Since securing equity from the DFIs for Humania’s North Africa platform, a number of key milestones have been met. We have completed our second hospital in Alexandria. Construction of this hospital faced a number of challenges such as Covid 19, rising interest rates, and uncertain economic conditions in Egypt. The hospital is state of the art and has been designed to meet stringent environment guidelines including the IFC’s EDGE standards. During this time, Humania North Africa has also started construction on its third hospital in Morocco. We want to expand our partnership with the DFIs to enter into other markets in North Africa in the next phase of our growth.
Could you explain in more detail the co-investment model that you use with DFIs? How does this model work, and what role does Humania play in these co-investment partnerships?
The co-investment model is continuously evolving. Currently the model entails creating a common balance sheet between sponsors and other equity investors.
As we expand, we will be focusing more on third party capital to support the expansion. This could include a health infrastructure fund for Africa as well as other initiatives such as a health-tech venture capital fund and a healthcare buy-out fund.

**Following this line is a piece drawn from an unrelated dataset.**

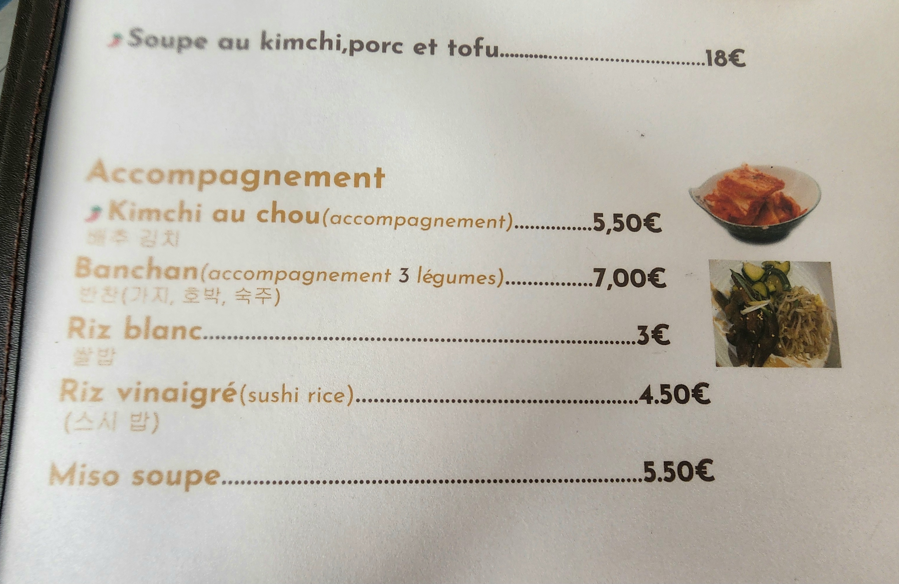Visite en mai 2024. Les plats d'accompagnement sont facturés séparément. Kimchi 5,50 euros. 3 accompagnements à 7 euros (fades, froids, légumes à l'ancienne). Le prix d'un bol de riz est de 3 euros séparément (pas de riz gluant, mais du riz inexplicablement bon marché). J'ai payé 52 euros pour le déjeuner (ragoût de kimchi, porc sauté et 1 bière), mais la portion était si petite que j'étais rassasié. Le porc sauté n'était pas épicé. Le ragoût de kimchi n'est pas si bon. Très bruyant juste à côté de la route. Le magasin est très petit

What challenges do you encounter when it comes to staffing for portfolio companies, and in what ways do you envision technology innovation or AI playing a role in addressing talent shortages?

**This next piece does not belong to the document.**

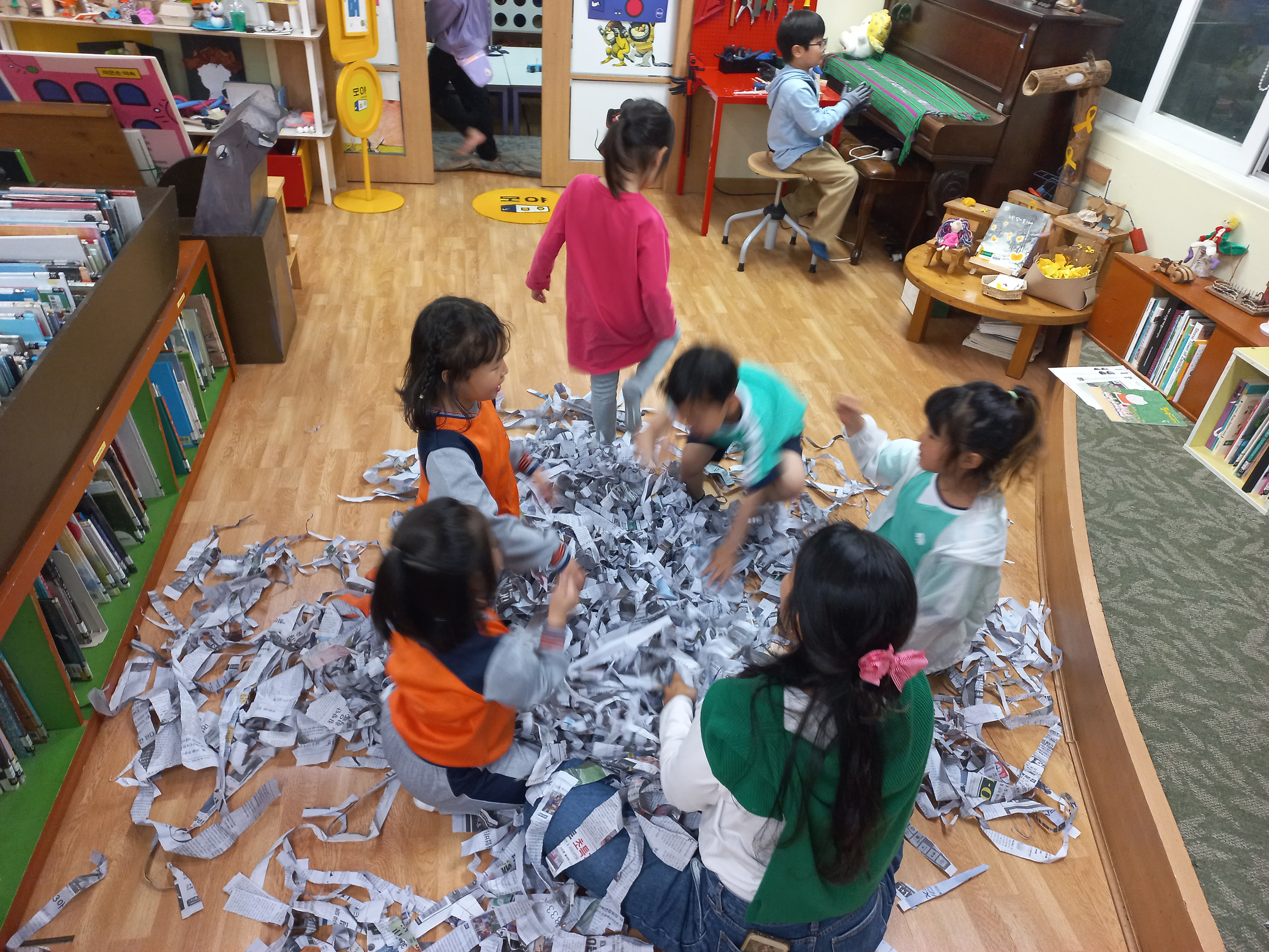 즐겁게 춤을 추면서 몸을 움직이고, 신문지 찢고 날려봅니다.

Humania is backed by a large healthcare group which has proven itself as one of the leading private healthcare providers in the last 35 years, giving us a significant competitive advantage. As far as hiring for portfolio companies is concerned, we always build on the strong infrastructure of our group, which enables us to leverage further platform synergies such as relationships with insurance companies and other suppliers.
We also believe that embracing technology innovation and AI within healthcare organizations can bolster the efficiency of talent acquisition and management, underpin data-driven decision-making, and promote inclusivity. This empowers healthcare institutions to address critical talent shortages and cultivate a more agile and adaptable workforce. That said, we are implementing these technologies very carefully, with a commitment to ethical practices, to ensure that they do not inadvertently perpetuate bias or discrimination in the healthcare workforce.
What is the strategy for exiting your investments? Who are potential buyers? Have you seen any significant trends in exits for the region?
Our exit strategy predominantly focuses on listing the portfolio companies, and we already as a group achieved one listing in 2016 of the Middle East Healthcare Company on the Saudi Stock Exchange. This listed entity could also be a source for exits through rights issues. Further options could be considered such as local listings as well as exiting through a trade sale. However, we are looking at our earliest exit in 3-4 years given that we have recently closed our acquisition platform and will look for value creation and growth of our portfolio companies for the next couple of years.
Additionally, although the region has demonstrated resilience compared to other parts of the world, exits have witnessed a decline that can be attributed to investors’ reluctance to accept lower valuations for their investments and venture promoters’ efforts to retain existing investors in a challenging economic and political climate.